Holder says she does not want to erase some Black families from the conversation.
“I do believe we should have a tiered policy, tier eligibility criteria that starts with the descendants of slaves,” she said. “But we also have to embrace what is happening to our Black families now. We have to retain our solidarity. We need our entire family, entire Black family, to move this legislation forward.”
Before the task force voted to delay its decision on eligibility until the March meeting, members, including Holder, Assemblymember Reggie Jones Sawyer (D-Los Angeles) and attorney Don Tamaki, said they would like to hear experts testify about all the benefits and drawbacks of using either the lineage or the race framework to determine eligibility.
Holder, Sen. Steve Bradford (D-Gardena), Jones-Sawyer, Tamaki and Loyola-Marymount professor Cheryl Grills, voted in favor of postponing the vote on eligibility.
Task Force chair Kamilah Moore disagreed with them and said she sides with Weber. Lineage should be the main criteria, she pointed out.
Moore; vice-chair Amos Brown, pastor of Third Baptist Church in San Francisco, and president of his local NAACP branch; University of California-Berkeley professor Jovan Scott Lewis; and San Diego City Councilwoman Monica Montgomery Steppe voted against moving the eligibility decision to a later date.
Kim Mims, a member of Coalition for a Just and Equitable California (CJEC), says she was disappointed with the task force for chosing to postpone its vote on eligibility.
CJEC is one of the seven “anchor organizations” the task force selected to lead community “listening sessions” to get input from Black Californians on the reparation discussion.
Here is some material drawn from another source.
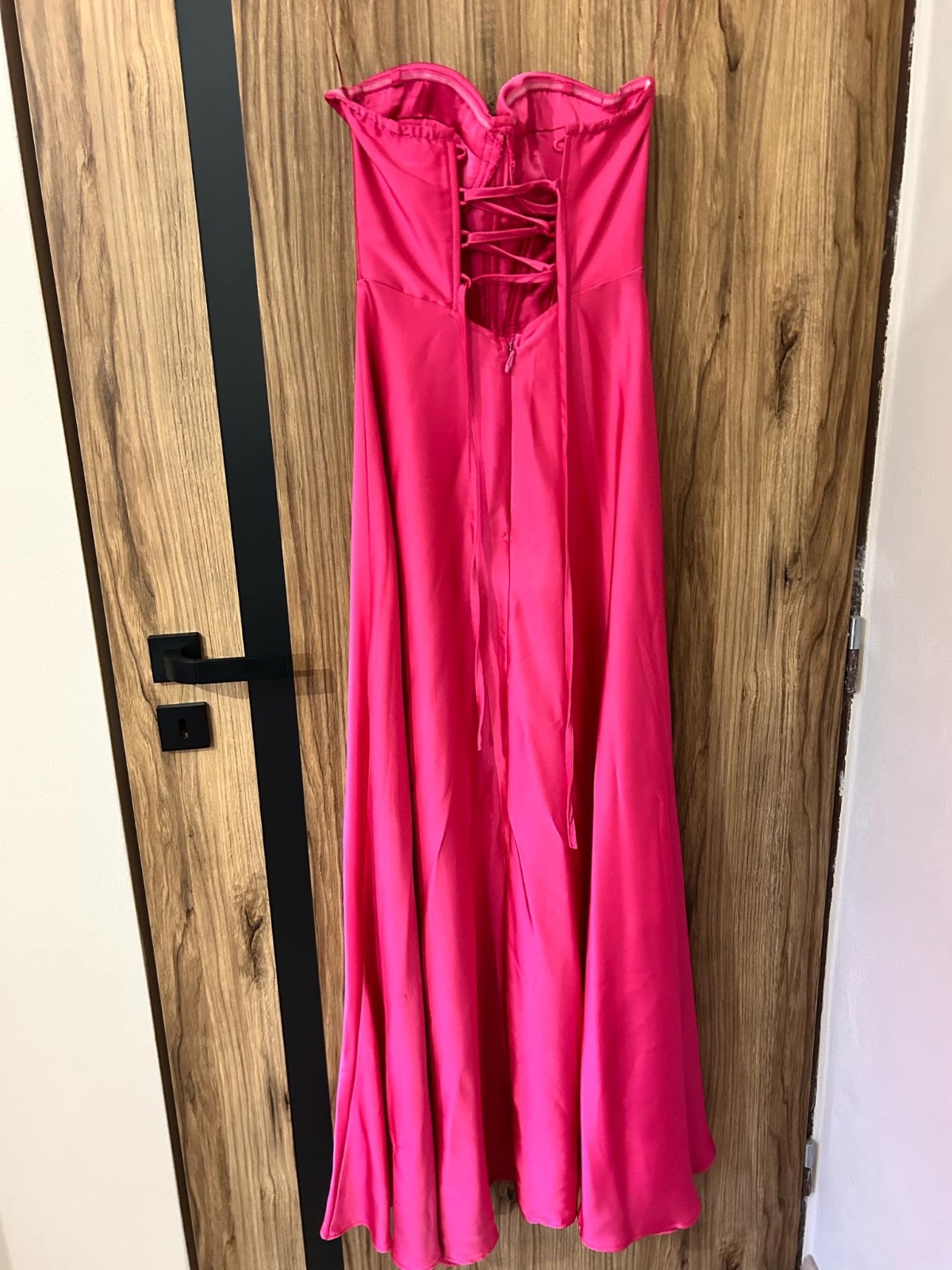 Ružové satenove saty vzadu so snurovackou

“I watched the meeting and was hoping the members had voted and not pushed it to March,” Mims told California Black Media (CBM), while attending a Feb. 26 excursion in Coloma – about 48 miles east of Sacramento – that toured stolen lands once owned by Black pioneers and enslaved people who came to California during the Gold Rush.
Assembly Bill (AB) 3121, which Gov. Gavin Newsom signed into law in 2020, established the task force.
The legislation charges committee members with studying slavery and its lingering effects on African Americans with a “special consideration” for descendants of persons enslaved in the United States, the bill language instructs.
AB 3121 also requires the task force to recommend what compensation should be, who should receive it and how it should be paid.
Mim’s said although there is disagreement among task force members and reparations supporters about how eligibility should be decided, she remains hopeful.
“I support Dr. Weber’s explanation of lineage. That’s how she wrote the legislation. As Black people, we will get there, though. The task force has to make the right decision,” Mims said.